• **Provided data**:
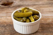 Zdjęcie "Marynowane ogórki na zardzewiałym tle żelaza. Zbliżenie ogórków marynowanych w płycie ceramicznej. zbliżenie" może być wykorzystywane do celów osobistych i komercyjnych zgodnie z warunkami zakupionej licencji Royalty-free. Obraz jest dostępny do pobrania w jakości wysokiej rozdzielczości do 5760x3840.
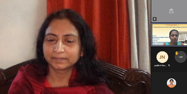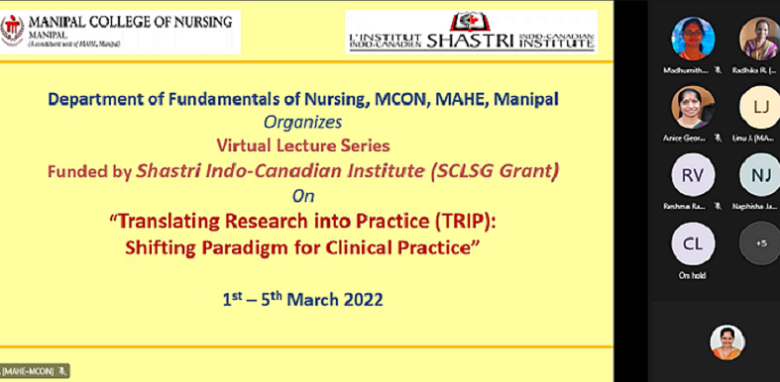 The Department of Fundamentals of Nursing, Manipal College of Nursing, Manipal Academy of Higher Education (MAHE), Manipal organized 5 days Virtual Lecture Series on “Translating Research into Practice (TRIP): Shifting Paradigm for Clinical Practice. This was funded by Shastri Indo-Canadian Institute (SCLS Grant)”. The inaugural program of this 5-day virtual lecture series was held on 1st March 2022 between 3.30 – 4.00 pm followed by the first-day session. Dr Prachi Kaul, Director, Shastri Indo-Canadian Institute, New Delhi, the Chief Guest for the programme addressed the participants during the inaugural program. The lecture series aimed to emphasize the efficient translation of research into clinical practice for the benefit of patient care by enhancing the knowledge on Translational Research its processes, models, challenges, and strategies.
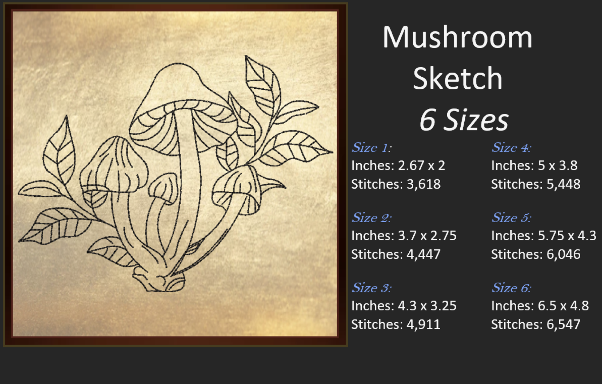 Mushroom Machine Embroidery Design Sketch, Wild Mushroom Line Art Outline, Mushroom Garden, 6 Sizes (0248)
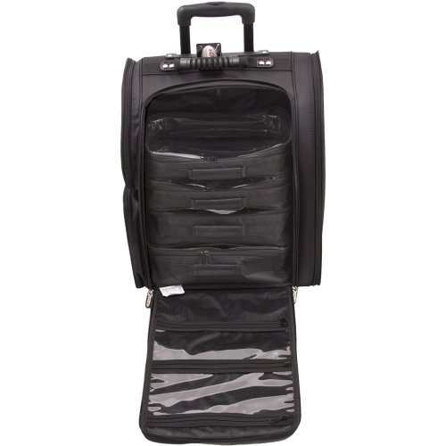 Sunrise Nylon Professional Soft Sided Rolling Makeup Case with Pouches in Black

• **To do**: Write out, exactly and only, the lines from the one containing "The Department of" through the last line of the material above. Pictures do not go in the copy.

• **Expected answer**:
 The Department of Fundamentals of Nursing, Manipal College of Nursing, Manipal Academy of Higher Education (MAHE), Manipal organized 5 days Virtual Lecture Series on “Translating Research into Practice (TRIP): Shifting Paradigm for Clinical Practice. This was funded by Shastri Indo-Canadian Institute (SCLS Grant)”. The inaugural program of this 5-day virtual lecture series was held on 1st March 2022 between 3.30 – 4.00 pm followed by the first-day session. Dr Prachi Kaul, Director, Shastri Indo-Canadian Institute, New Delhi, the Chief Guest for the programme addressed the participants during the inaugural program. The lecture series aimed to emphasize the efficient translation of research into clinical practice for the benefit of patient care by enhancing the knowledge on Translational Research its processes, models, challenges, and strategies.
 Mushroom Machine Embroidery Design Sketch, Wild Mushroom Line Art Outline, Mushroom Garden, 6 Sizes (0248)
 Sunrise Nylon Professional Soft Sided Rolling Makeup Case with Pouches in Black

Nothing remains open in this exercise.